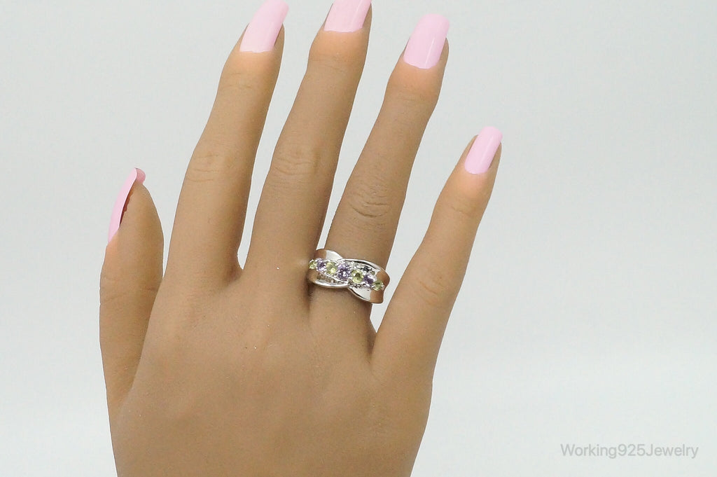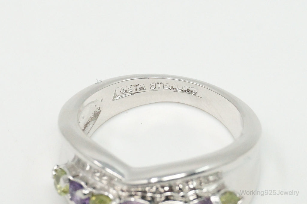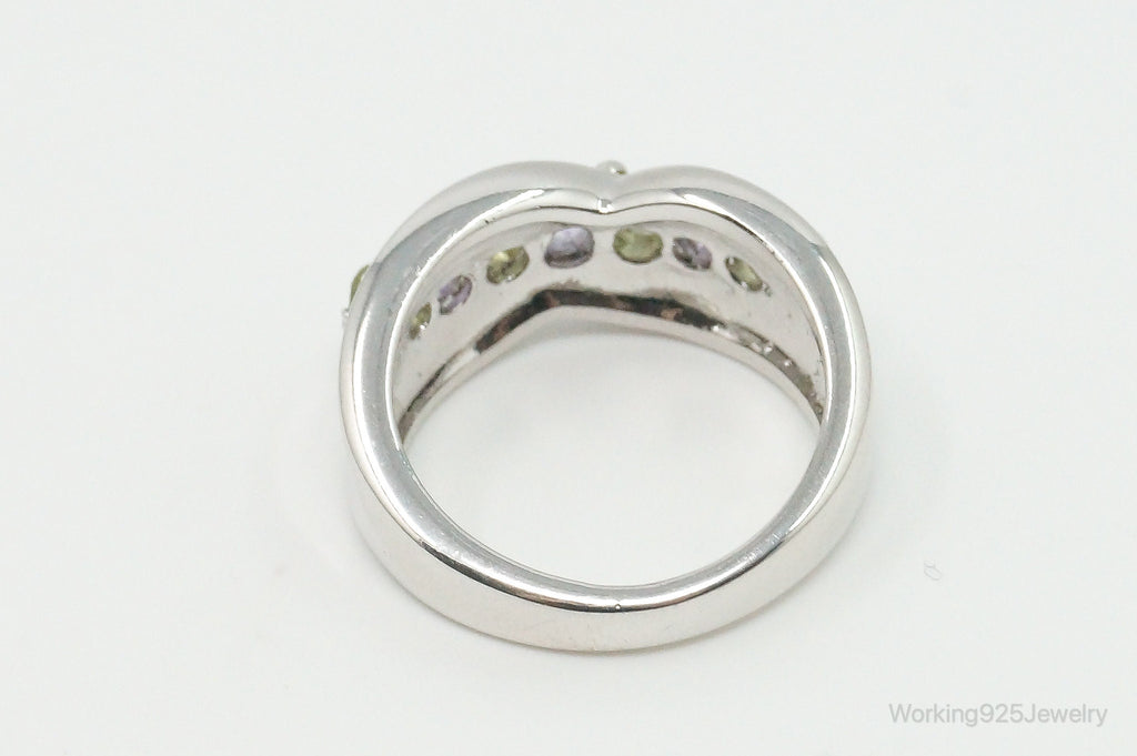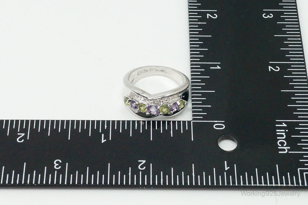 Vintage Designer SETA Peridot Amethyst Sterling Silver Ring - Size 6.75
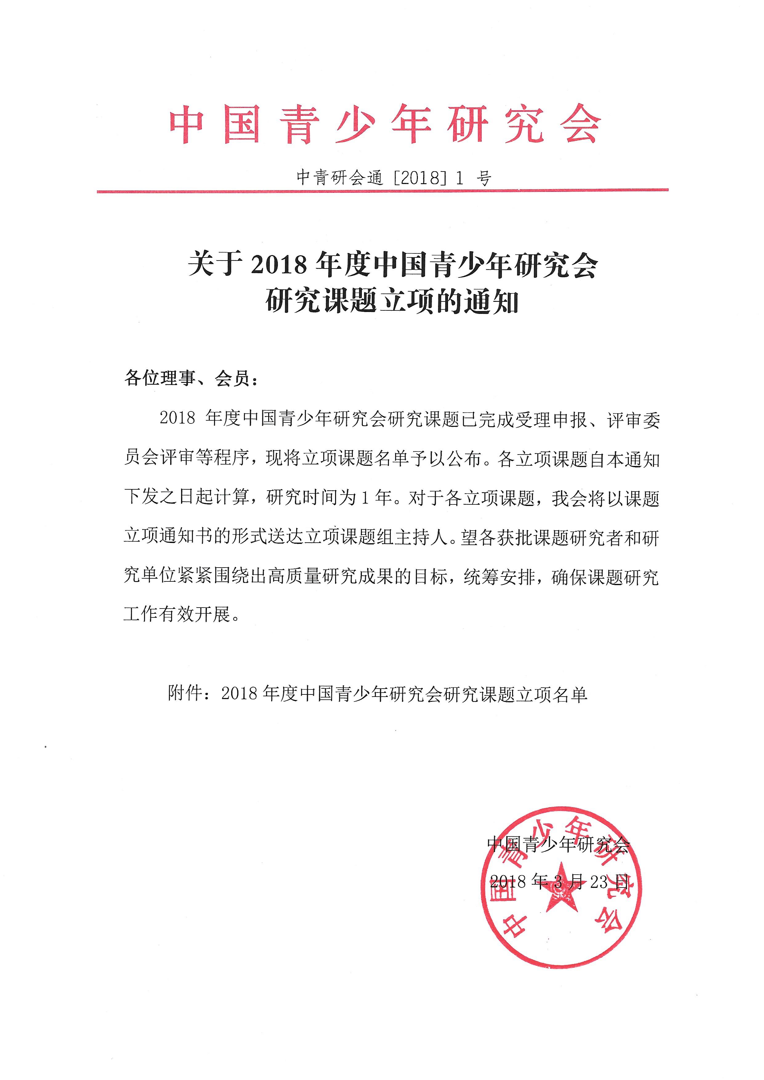 关于2018年度中国青少年研究会研究课题立项的通知及名单
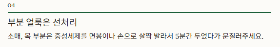 소매, 목 부분은 중성세제를 면봉이나 손으로 살짝 발라서 5분간 두었다가 문질러주세요.
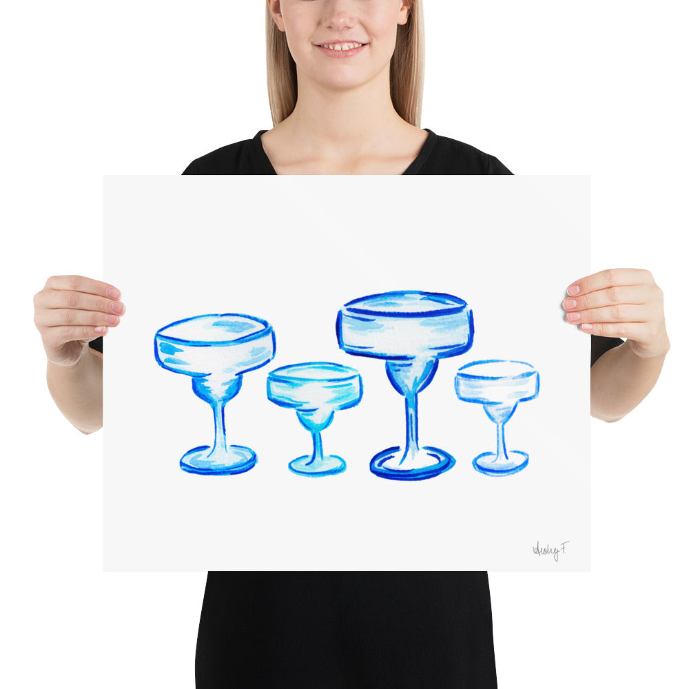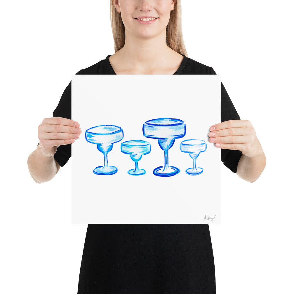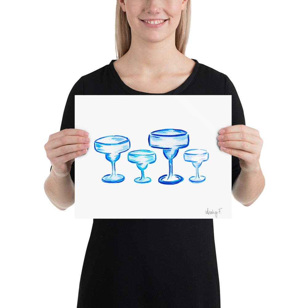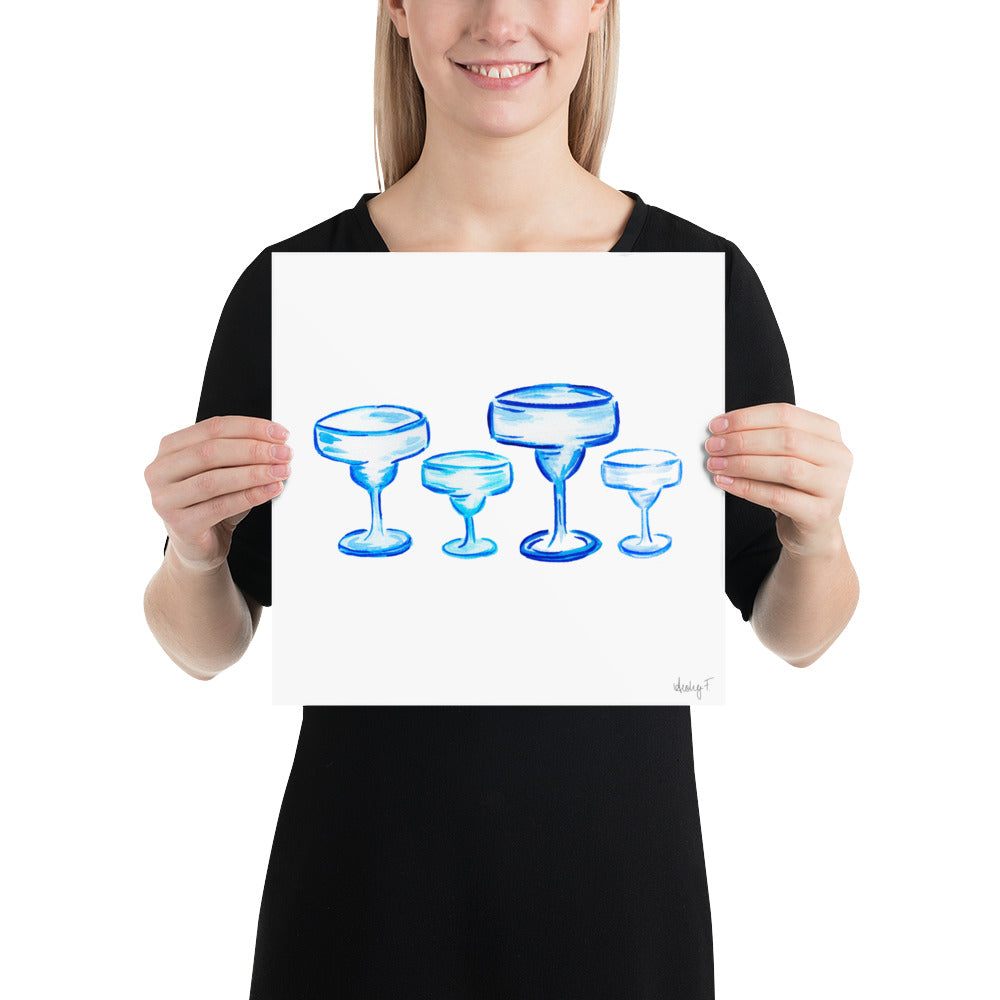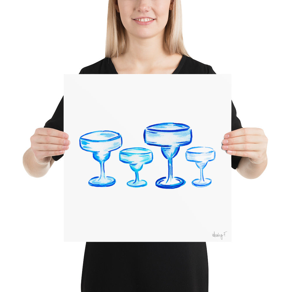 Print | Blue Margarita Glass Watercolor Quad | Bar Cart Cocktail Wall Art | Coastal Grandmother Preppy

### [TASK DETAILS]
Only the lines from the line with "关于2018年度中国青少年研究会研究课题立项的通知及名单" through the final line of the material belong in the answer, copied exactly and without pictures.

### [ANSWER TO THE EXERCISE]
 关于2018年度中国青少年研究会研究课题立项的通知及名单
 소매, 목 부분은 중성세제를 면봉이나 손으로 살짝 발라서 5분간 두었다가 문질러주세요.
 Print | Blue Margarita Glass Watercolor Quad | Bar Cart Cocktail Wall Art | Coastal Grandmother Preppy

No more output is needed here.